Imber Range Perimeter Path
This 50km route is a collaboration between Cycling UK, the Ministry of Defence, Wiltshire Council and the British Horse Society turning the previous walking route into an off-road multi-user trail around the western end of Salisbury Plain. It includes the mock German village of Copehill Down, Iron Age hill forts
at Battlesbury and Scratchbury Hills and views from above the Westbury White Horse. It shares some of the King Alfred’s Way route between Tilshead and Gore Cross Farm, but riding conditions are more mixed and potentially challenging so a mountain bike is advised in winter.
Tilshead to Chirton
Unless you want to pop into the pub or grab a vending machine coffee or other supplies from the petrol station, you actually skirt round the edge of Tilshead. More barrows and earthworks dot the landscape as you head north up a wide-open valley along the Imber Range Perimeter Path just east of the tree-lined A360. Again, this section can get really gloopy after prolonged bad weather, but while you could shift across onto the road to get more speed, be aware that it is the north-south link across the Plain and likely to be busy.
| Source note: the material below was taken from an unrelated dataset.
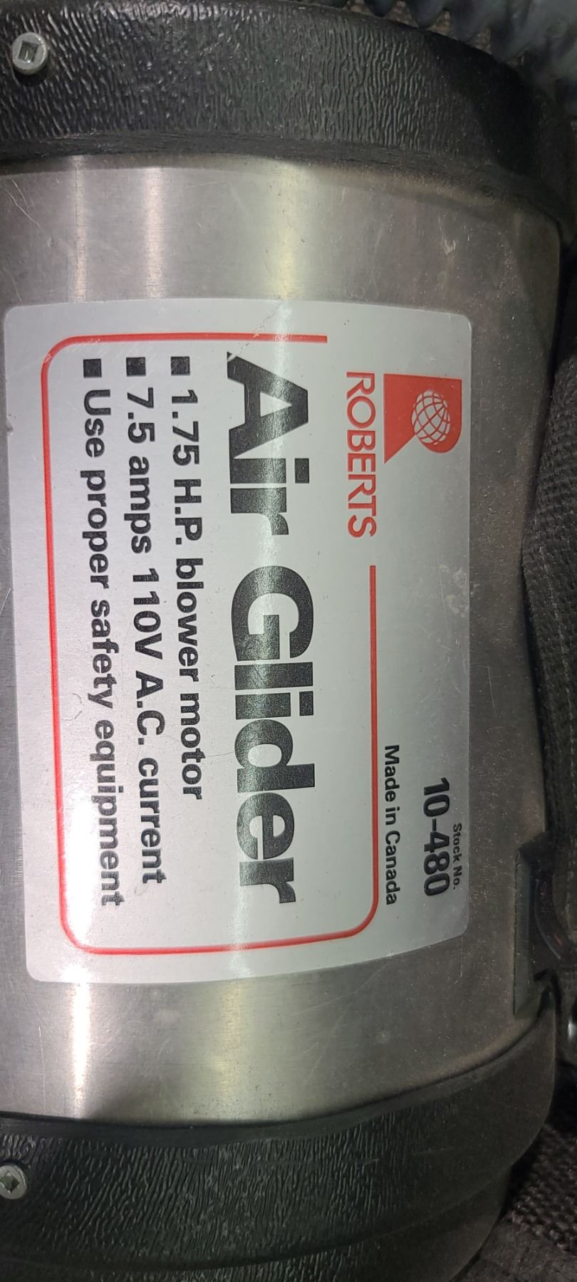 ROBRTS AIR GLIDER 1.75HP BLOWER MOTOR, 7.5 AMPS 110 A.C. CURRENT

Whichever way you get there, you’ll be glad you’re onto a faster footing as you turn onto old military roads at Gore Cross Farm and climb up White Horse Trail onto the spine of the Wessex Ridgeway. From here, the track is gravelly tank road but you’ve got fantastic views over the Vale of Pewsey to the north with West Lavington and Market Lavington villages at your feet and Devizes in the distance. Look right and the Plain scrolls away over the Black Heath artillery ranges and impact bunker sites towards Stonehenge where you started this section. Keep your eyes peeled for the singletrack off the ridge and then hang on as it fires you down a deeply rutted chute towards Chirton. Take particular care in summer as it’s likely to be heavily overgrown and the wildflower banks mean the trail is often frequented by sunbathing
butterflies. If you pause and look straight ahead before you drop down though, you can see Alton Barnes White Horse on the hillside to the north. We’ve stopped this section here as it’s an obvious geographical break, but also because West Lavington, Market Lavington and Urchfont have good shops and facilities for refuelling or an overnight stop before the climb up and over to Avebury.